Rinspeed/Rex Features/AP
Rinspeed/Rex Features/AP

Sony Pictures has had to navigate rough seas since last autumn, when the company was hacked, confidential documents were posted online, and The Interview was canceled. But the company is trying to bounce back with a comedy about cars equipped to navigate by themselves.

According to Deadline, Sony has bought an idea from the team of director Gore Verbinski and writer Steve Conrad that is tentatively named the Driverless Car Race. Deadline describes the film as “a large scale action adventure comedy that’s best described as a transcontinental car race with autonomous vehicles.”

The race in the film is intended to allow competing software companies to test their driverless cars, but the trial run becomes a battle for supremacy and a major road race as the start-up companies producing the cars vie for the lead. The subjects that ride in the cars try to seize control from the cars themselves, prompting chaos.

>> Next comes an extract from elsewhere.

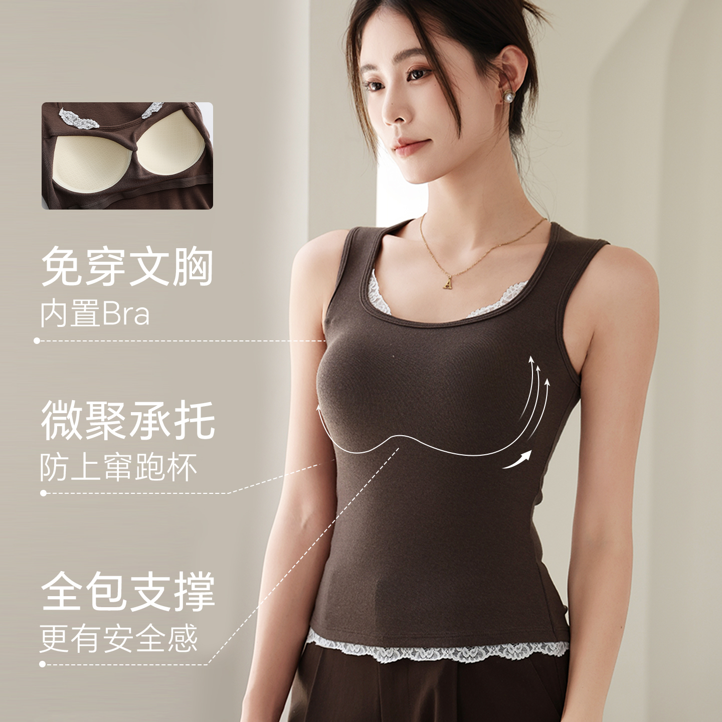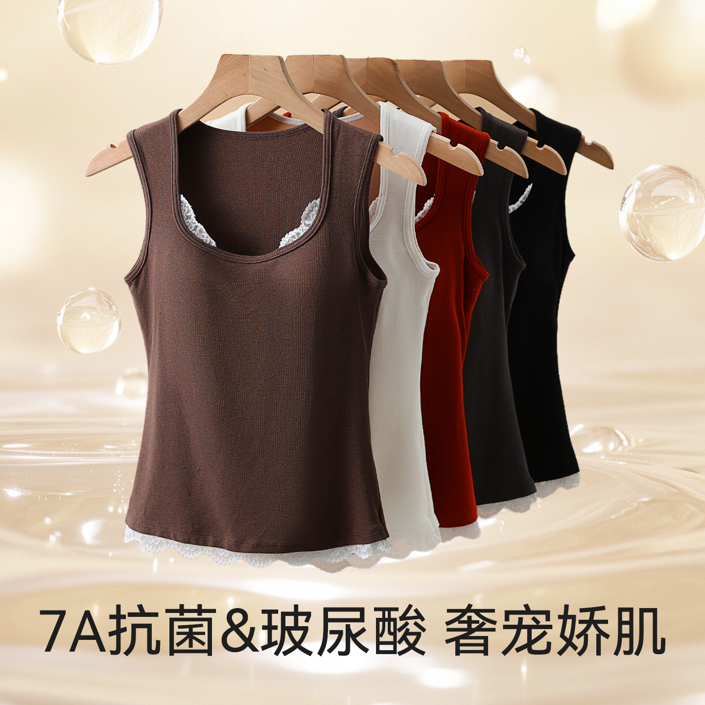 蕾丝加厚加绒吊带背心 打底无痕修身 保暖内衣女士带胸垫秋冬季 新款

Verbinski commented, “Essentially, we are going to take the funniest comedic actors of this generation and slowly unleash them as we examine the very notion of ‘passengers’ who fundamentally cannot remain passive.” Conrad added, “We want to invert the whole premise of a road trip where the promise has always been, ‘anything can happen’, and say, ‘what if anything can’t happen’? What does that do to the test subject? What are the breaking points?”

Verbinski pointed out that although the technology for driverless cars is imminent, humans will likely have a difficult time relinquishing control:

At a time when we give more and more liberty away for the benefits of technology, there is nothing more primal and direct as this specific physical abdication of control: Removing a steering wheel from the grasp of human being. The driver-less car is coming. It’s right around the bend, and it represents an immediate and relevant opportunity to explore the classic ‘Man against Machine’ genre spliced into a large scale Automotive Rally. Stating the obvious – Things are going to get out of control.

Conrad and Verbinski joined for Pyongyang, the ill-fated film canceled after the hacking incident. Conrad has written The Pursuit of Happyness and The Secret Life Of Walter Mitty remake.